Top of Supplied material
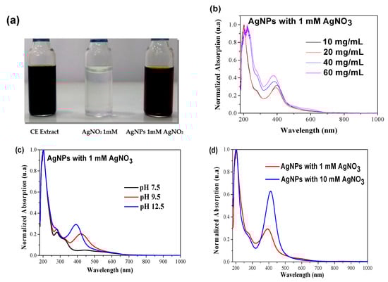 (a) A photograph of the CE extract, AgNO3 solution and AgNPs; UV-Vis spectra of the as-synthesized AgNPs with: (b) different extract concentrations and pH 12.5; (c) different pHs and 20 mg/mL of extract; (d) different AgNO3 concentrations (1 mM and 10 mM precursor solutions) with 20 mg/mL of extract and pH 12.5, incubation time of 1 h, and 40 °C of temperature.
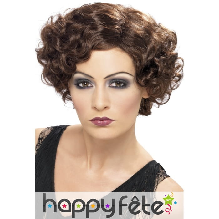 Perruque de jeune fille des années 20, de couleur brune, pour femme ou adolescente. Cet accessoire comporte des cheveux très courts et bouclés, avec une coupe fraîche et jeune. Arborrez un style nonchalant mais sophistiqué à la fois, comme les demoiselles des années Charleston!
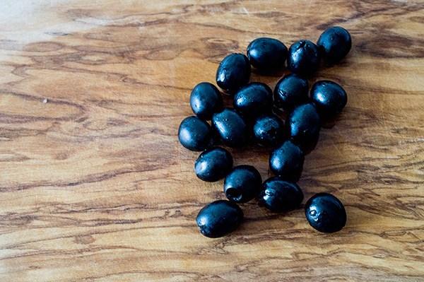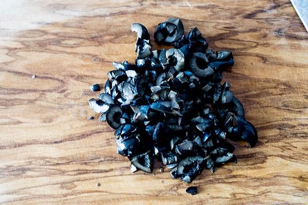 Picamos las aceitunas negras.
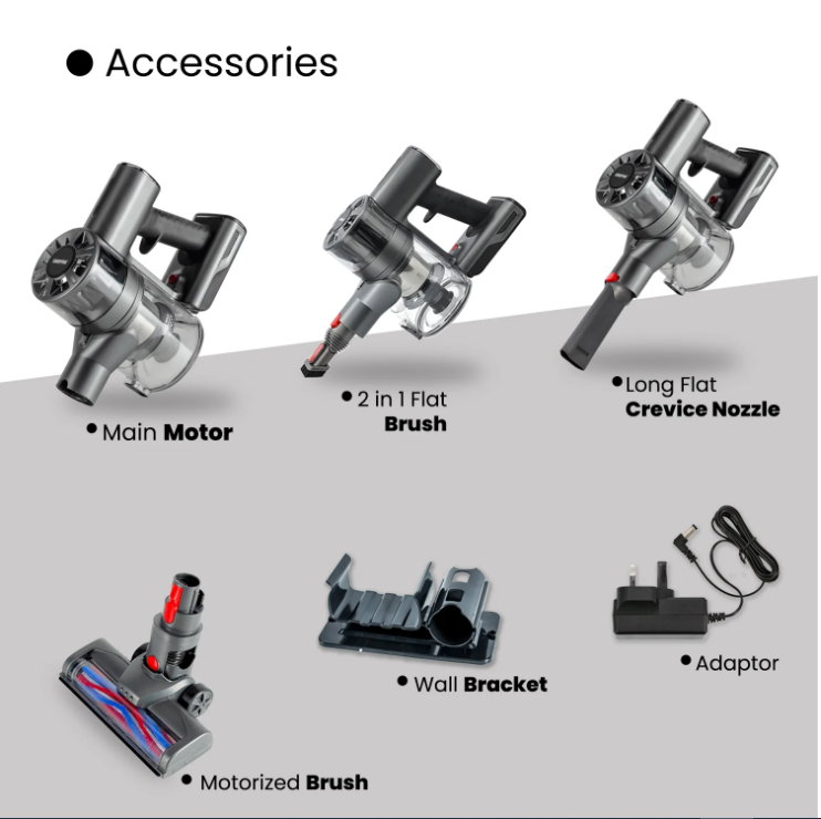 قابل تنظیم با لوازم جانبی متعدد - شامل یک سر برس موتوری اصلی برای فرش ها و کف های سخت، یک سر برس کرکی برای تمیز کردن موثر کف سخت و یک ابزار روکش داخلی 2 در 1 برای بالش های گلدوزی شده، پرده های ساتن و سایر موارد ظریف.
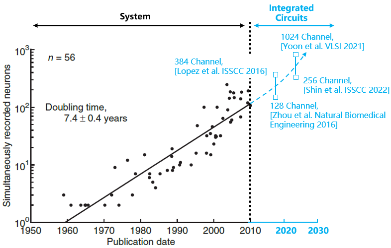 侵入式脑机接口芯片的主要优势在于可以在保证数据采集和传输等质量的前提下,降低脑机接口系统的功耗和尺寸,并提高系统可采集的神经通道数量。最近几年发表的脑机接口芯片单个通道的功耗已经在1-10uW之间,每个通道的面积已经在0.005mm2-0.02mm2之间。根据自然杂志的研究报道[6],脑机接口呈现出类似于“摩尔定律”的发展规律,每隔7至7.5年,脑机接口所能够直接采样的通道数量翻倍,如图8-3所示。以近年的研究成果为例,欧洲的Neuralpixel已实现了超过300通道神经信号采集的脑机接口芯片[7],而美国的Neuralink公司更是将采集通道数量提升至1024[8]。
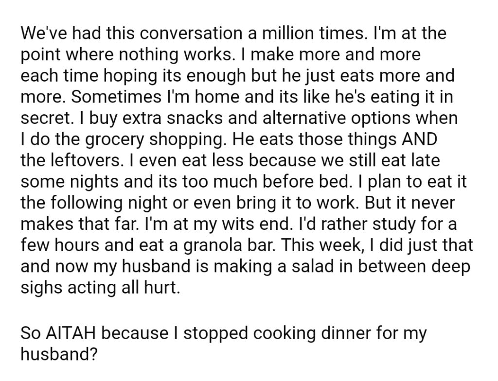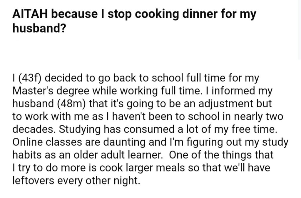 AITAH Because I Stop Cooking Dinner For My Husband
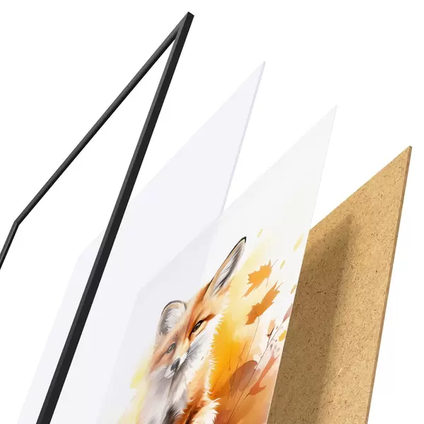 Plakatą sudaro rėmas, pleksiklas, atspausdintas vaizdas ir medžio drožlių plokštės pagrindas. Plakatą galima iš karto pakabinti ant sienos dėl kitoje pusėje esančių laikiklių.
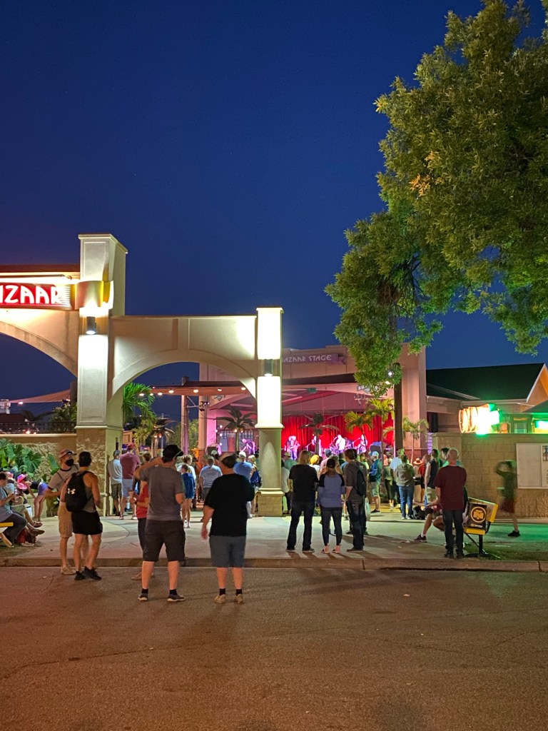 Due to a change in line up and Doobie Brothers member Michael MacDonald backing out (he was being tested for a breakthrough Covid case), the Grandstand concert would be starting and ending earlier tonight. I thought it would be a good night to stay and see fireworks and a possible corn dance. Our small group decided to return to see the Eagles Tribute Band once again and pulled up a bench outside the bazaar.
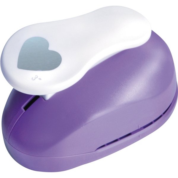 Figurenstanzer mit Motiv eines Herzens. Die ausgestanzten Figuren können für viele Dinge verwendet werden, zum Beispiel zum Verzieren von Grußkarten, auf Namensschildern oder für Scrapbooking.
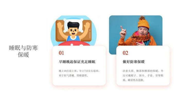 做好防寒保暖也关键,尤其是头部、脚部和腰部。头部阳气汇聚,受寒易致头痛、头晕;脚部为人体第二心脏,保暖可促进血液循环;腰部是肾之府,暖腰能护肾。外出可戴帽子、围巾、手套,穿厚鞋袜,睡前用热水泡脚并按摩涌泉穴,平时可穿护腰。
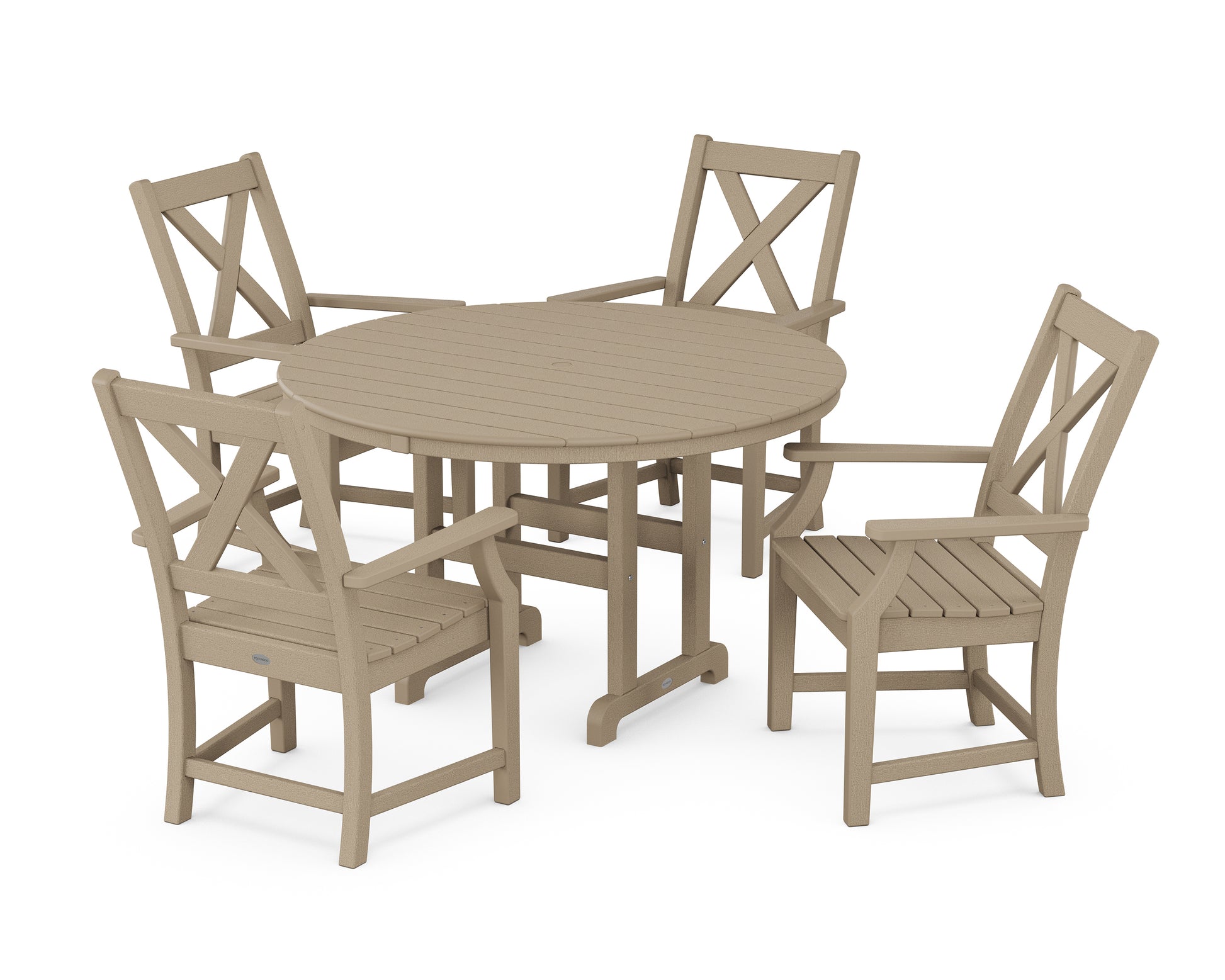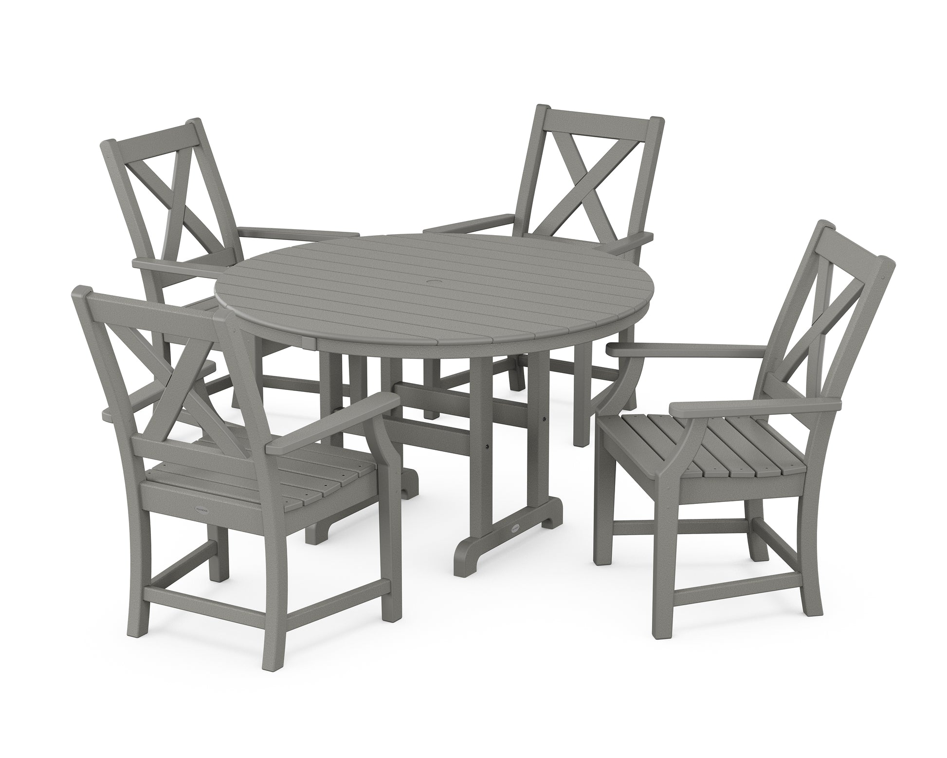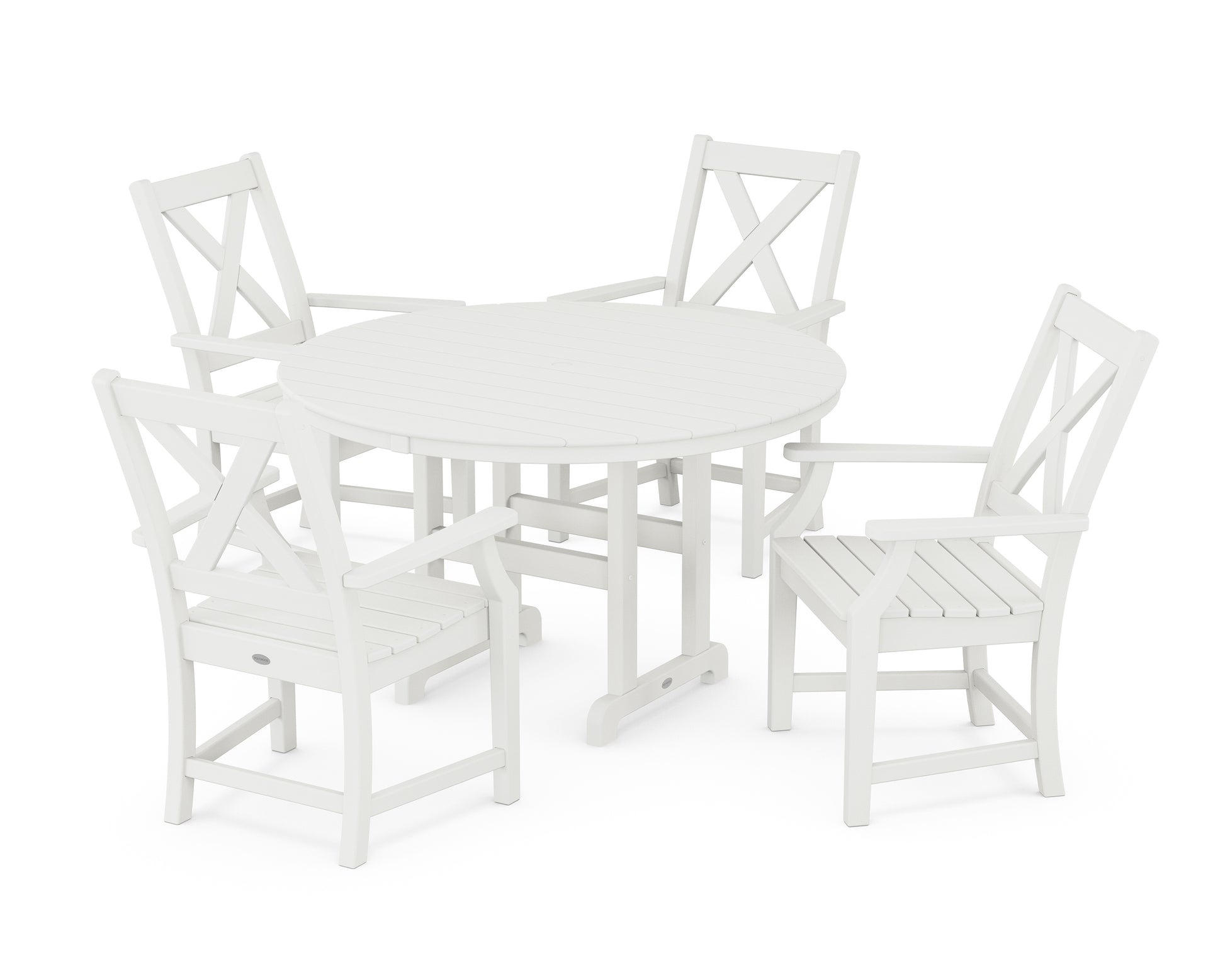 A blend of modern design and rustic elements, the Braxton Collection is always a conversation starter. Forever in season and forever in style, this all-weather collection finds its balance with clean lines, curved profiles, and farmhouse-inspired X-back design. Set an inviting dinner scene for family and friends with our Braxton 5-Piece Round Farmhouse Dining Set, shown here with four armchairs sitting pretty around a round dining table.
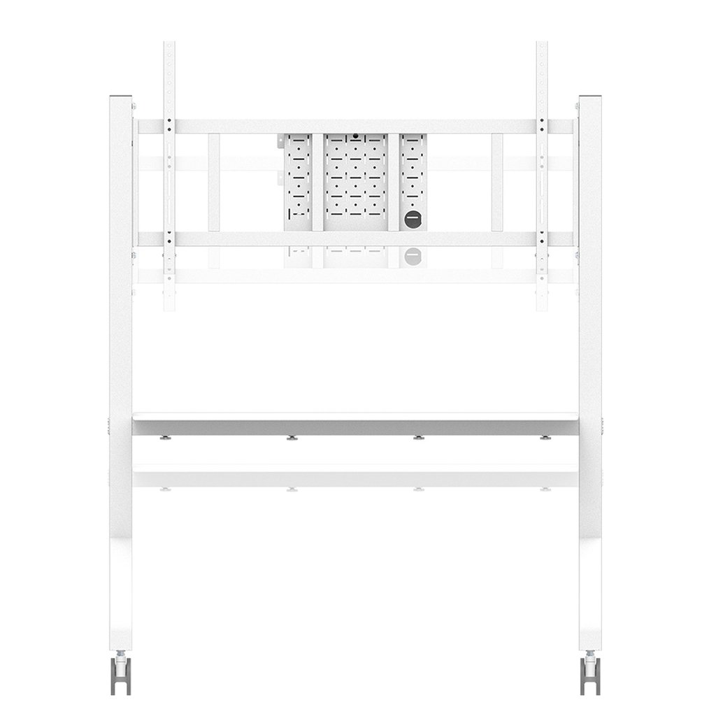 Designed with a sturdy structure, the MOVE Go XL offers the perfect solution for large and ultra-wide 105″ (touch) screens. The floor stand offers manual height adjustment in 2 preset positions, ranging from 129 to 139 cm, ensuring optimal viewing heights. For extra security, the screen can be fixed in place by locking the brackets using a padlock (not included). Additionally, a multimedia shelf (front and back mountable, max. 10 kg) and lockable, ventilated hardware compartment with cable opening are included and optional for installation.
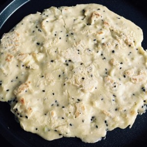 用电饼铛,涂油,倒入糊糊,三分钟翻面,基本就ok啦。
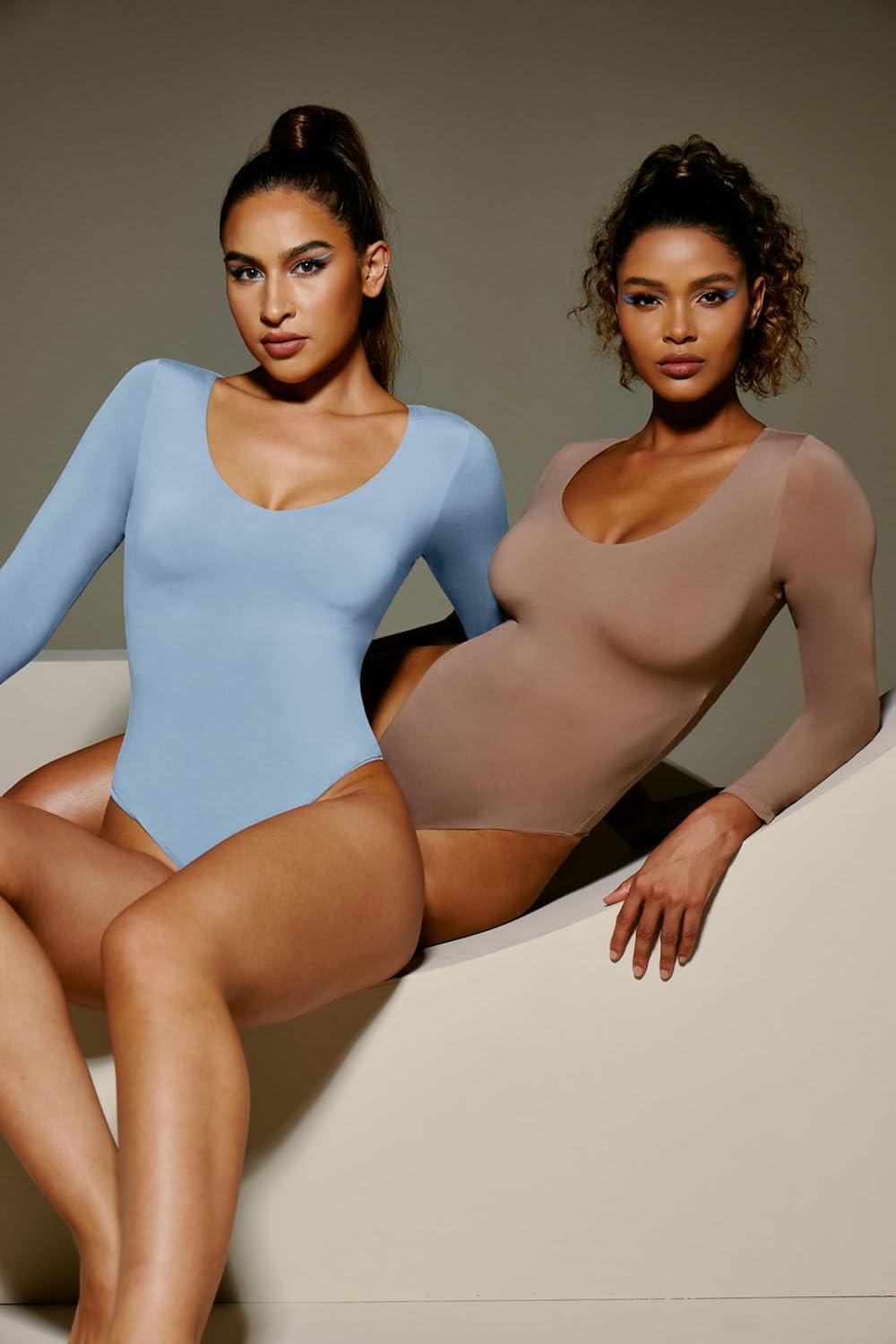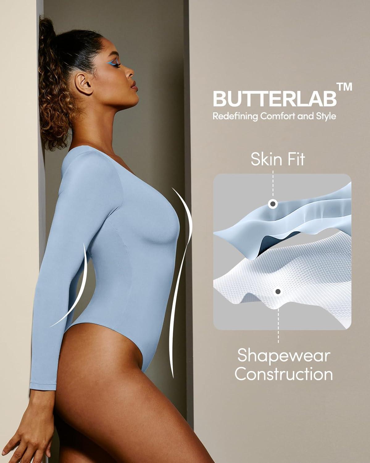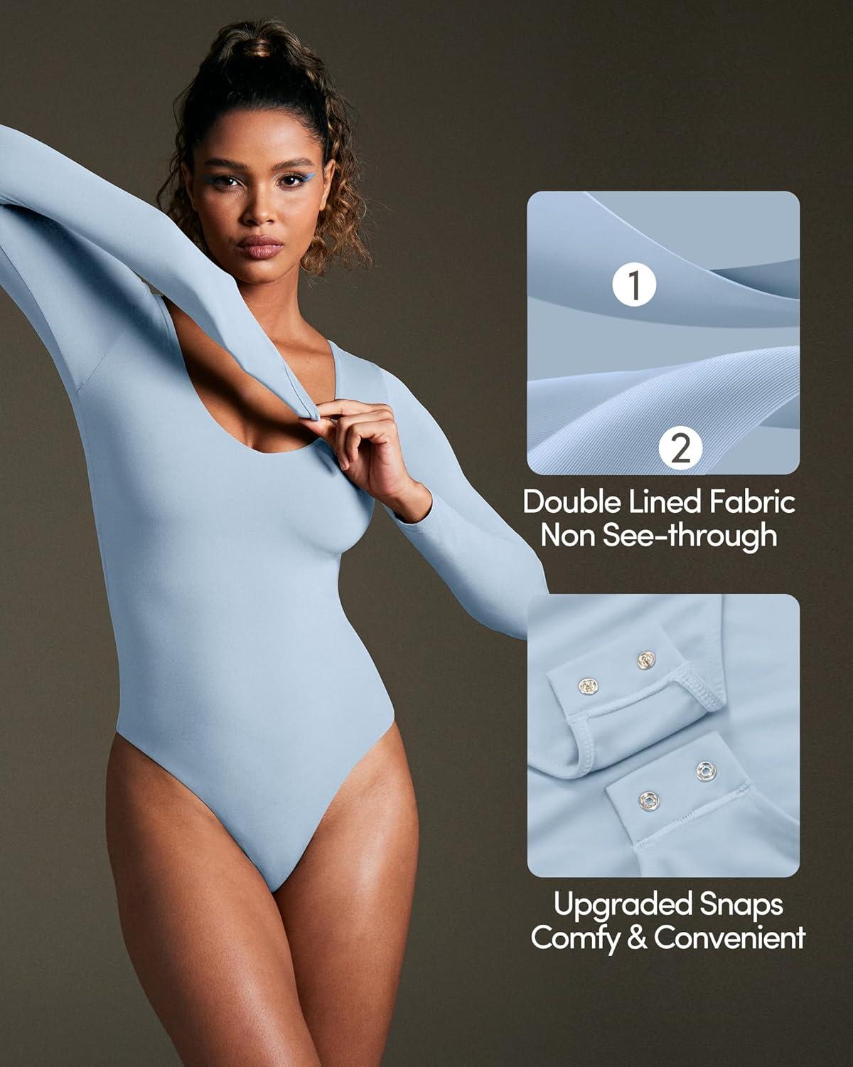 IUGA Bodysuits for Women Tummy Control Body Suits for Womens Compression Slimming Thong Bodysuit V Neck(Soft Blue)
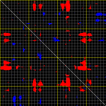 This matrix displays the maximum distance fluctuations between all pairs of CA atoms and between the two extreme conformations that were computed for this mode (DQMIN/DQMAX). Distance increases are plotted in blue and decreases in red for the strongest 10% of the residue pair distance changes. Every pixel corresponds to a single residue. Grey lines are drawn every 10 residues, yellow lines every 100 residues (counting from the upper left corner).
Bottom of Supplied material
## What the exercise asks
Without the pictures, give back the entries exactly.

## Response below
 (a) A photograph of the CE extract, AgNO3 solution and AgNPs; UV-Vis spectra of the as-synthesized AgNPs with: (b) different extract concentrations and pH 12.5; (c) different pHs and 20 mg/mL of extract; (d) different AgNO3 concentrations (1 mM and 10 mM precursor solutions) with 20 mg/mL of extract and pH 12.5, incubation time of 1 h, and 40 °C of temperature.
 Perruque de jeune fille des années 20, de couleur brune, pour femme ou adolescente. Cet accessoire comporte des cheveux très courts et bouclés, avec une coupe fraîche et jeune. Arborrez un style nonchalant mais sophistiqué à la fois, comme les demoiselles des années Charleston!
 Picamos las aceitunas negras.
 قابل تنظیم با لوازم جانبی متعدد - شامل یک سر برس موتوری اصلی برای فرش ها و کف های سخت، یک سر برس کرکی برای تمیز کردن موثر کف سخت و یک ابزار روکش داخلی 2 در 1 برای بالش های گلدوزی شده، پرده های ساتن و سایر موارد ظریف.
 侵入式脑机接口芯片的主要优势在于可以在保证数据采集和传输等质量的前提下,降低脑机接口系统的功耗和尺寸,并提高系统可采集的神经通道数量。最近几年发表的脑机接口芯片单个通道的功耗已经在1-10uW之间,每个通道的面积已经在0.005mm2-0.02mm2之间。根据自然杂志的研究报道[6],脑机接口呈现出类似于“摩尔定律”的发展规律,每隔7至7.5年,脑机接口所能够直接采样的通道数量翻倍,如图8-3所示。以近年的研究成果为例,欧洲的Neuralpixel已实现了超过300通道神经信号采集的脑机接口芯片[7],而美国的Neuralink公司更是将采集通道数量提升至1024[8]。
 AITAH Because I Stop Cooking Dinner For My Husband
 Plakatą sudaro rėmas, pleksiklas, atspausdintas vaizdas ir medžio drožlių plokštės pagrindas. Plakatą galima iš karto pakabinti ant sienos dėl kitoje pusėje esančių laikiklių.
 Due to a change in line up and Doobie Brothers member Michael MacDonald backing out (he was being tested for a breakthrough Covid case), the Grandstand concert would be starting and ending earlier tonight. I thought it would be a good night to stay and see fireworks and a possible corn dance. Our small group decided to return to see the Eagles Tribute Band once again and pulled up a bench outside the bazaar.
 Figurenstanzer mit Motiv eines Herzens. Die ausgestanzten Figuren können für viele Dinge verwendet werden, zum Beispiel zum Verzieren von Grußkarten, auf Namensschildern oder für Scrapbooking.
 做好防寒保暖也关键,尤其是头部、脚部和腰部。头部阳气汇聚,受寒易致头痛、头晕;脚部为人体第二心脏,保暖可促进血液循环;腰部是肾之府,暖腰能护肾。外出可戴帽子、围巾、手套,穿厚鞋袜,睡前用热水泡脚并按摩涌泉穴,平时可穿护腰。
 A blend of modern design and rustic elements, the Braxton Collection is always a conversation starter. Forever in season and forever in style, this all-weather collection finds its balance with clean lines, curved profiles, and farmhouse-inspired X-back design. Set an inviting dinner scene for family and friends with our Braxton 5-Piece Round Farmhouse Dining Set, shown here with four armchairs sitting pretty around a round dining table.
 Designed with a sturdy structure, the MOVE Go XL offers the perfect solution for large and ultra-wide 105″ (touch) screens. The floor stand offers manual height adjustment in 2 preset positions, ranging from 129 to 139 cm, ensuring optimal viewing heights. For extra security, the screen can be fixed in place by locking the brackets using a padlock (not included). Additionally, a multimedia shelf (front and back mountable, max. 10 kg) and lockable, ventilated hardware compartment with cable opening are included and optional for installation.
 用电饼铛,涂油,倒入糊糊,三分钟翻面,基本就ok啦。
 IUGA Bodysuits for Women Tummy Control Body Suits for Womens Compression Slimming Thong Bodysuit V Neck(Soft Blue)
 This matrix displays the maximum distance fluctuations between all pairs of CA atoms and between the two extreme conformations that were computed for this mode (DQMIN/DQMAX). Distance increases are plotted in blue and decreases in red for the strongest 10% of the residue pair distance changes. Every pixel corresponds to a single residue. Grey lines are drawn every 10 residues, yellow lines every 100 residues (counting from the upper left corner).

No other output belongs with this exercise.